Das ESP-IDF liefert zahlreiche Beispielprojekte in /examples mit.

Für einen ersten Versuch kopiert man sich ein einfaches Projekt in den Workspace (in dem man sich aktuell befindet).

cp -r $IDF_PATH/examples/get-started/blink ./

Alle Befehle werden auf der oberen Ebene des Projektverzeichnisses ausgeführt.

cd blink

Umgebungsvariablen einmalig exportieren (alias).
idfx

Probebau

idf.py build

Der Build-Prozess sollte mit folgenden Worten abschließen:

Project build complete.
gefolgt von Hinweisen, wie der ESP mit den generierten Files zu flashen ist. Dies ist sinnvoll zum Verständnis des Vorganges, wird später allerdings vereinfacht.


Der Flash-Prozess

Erste Gehversuche unternimmt man sinnvollerweise mit einem NodeMCU. Diese Testboards bringen den USB/Seriell-Wander zur Kommunikation mit dem PC bereits mit und sind auch später hilfreich für erste Schaltungstests.

Ist das NodeMCU-Board per USB-Kabel mit dem PC verbunden, muss ein Gerät /dev/ttyUSB0 zu finden sein.

ls -al /dev/ttyUSB*
Falls der PC mehrere ttyUSB - Schnittstellen zu verwalten hat, sollte man über eine feste Namen-Zuordnung für die USB-Adapter nachdenken.

Die im Build-Prozess generierten Dateien werden mit folgendem Befehl in den Flash-Rom des ESP-Moduls geschrieben.

idf.py -b 460800 -p /dev/ttyUSB0 flash
(Der Befehl idf.py wird immer in der oberen Ebene des Projektpfades aufgerufen !!!)

Die Parameter dienen zum Einen dem Setzen der Baudrate. Das max. Tempo ist i.A. vom USB-Seriell-Wandler anhängig. Mein NodeMCU erreicht 980000 Baud. Andere Billig-FTDI232-Adapter schaffen 2MBit.
Es ist nicht erforderlich, sich an Standard-Baudraten zu halten. Die festgelegte Geschwindigkeit wird dem ESP zu Beginn der Kommunikation übermittelt.

Der andere erforderliche Parameter ist der Gerätename der Schnittstelle.

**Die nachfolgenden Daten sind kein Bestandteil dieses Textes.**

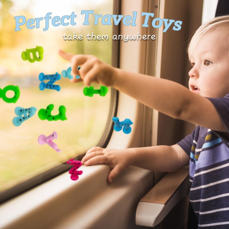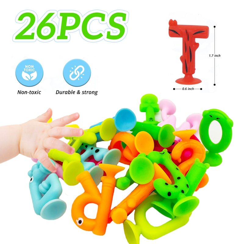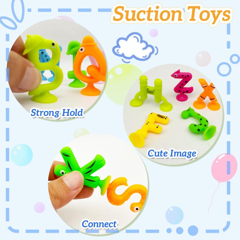 - 26 Creative Suction Toys: Bathtime bath toys ideal for toddlers with a brightly colored assortment of letters suction toys that stick to the walls and tubs. Soft silicone sensory suction toys that are safe for curious little hands.

Mehrere gleichzeitig betriebene Adapter können zu Namensverwirrungen führen, da Linux über die Reihenfolge der Nummerierung selbst entscheidet.

Das flash-Kommando erzwingt einen vorhergehenden Build-Prozess. Ein separater Aufruf des build-Kommandos nach Quellcode-Änderung ist somit nicht erforderlich.

Ein erfolgreicher Flash-Prozess wird mit diesen Zeilen abgeschlossen:

Leaving...
Hard resetting via RTS pin...
Done

Der Hard-Reset führt zum Booten und Starten des Anwenderprogramms.

Ein üblicher Weg, den Quellcode zu debuggen, ist die Info-Ausgabe über die serielle Schnittstelle. Um die RS232 sofort nach Flash und Reset mitzulesen, wird o.g. Befehl um das monitor-Kommando erweitert.

idf.py -b 460800 -p /dev/ttyUSB0 flash monitor

Die Baudrate beträgt im Monitor-Mode per default 115,2kBaud. Änderungen sind über die Konfiguration möglich.

Da dieser Befehl häufig verwendet wird, wäre ein alias-Eintrag in ~/.profile sinnvoll.

Im Ergebnis des o.g. Befehls sollten zahlreiche Debug-Meldungen zum Bootprozess und anschließende Programmausgaben zu lesen sein.

Turning on the LED
Turning off the LED
Turning on the LED
...

An GPIO 5 ist ein Spannungswechsel messbar.
Alternativ ließe sich auch eine LED über einen Vorwiderstand anschließen. Dann aber nicht vergessen: ... ein Video drehen und auf YouTube stellen !!!

Abbrechen lässt sich die Debug-Ausgabe mit der etwas hakligen Tastenkombination Ctrl+AltGr+9.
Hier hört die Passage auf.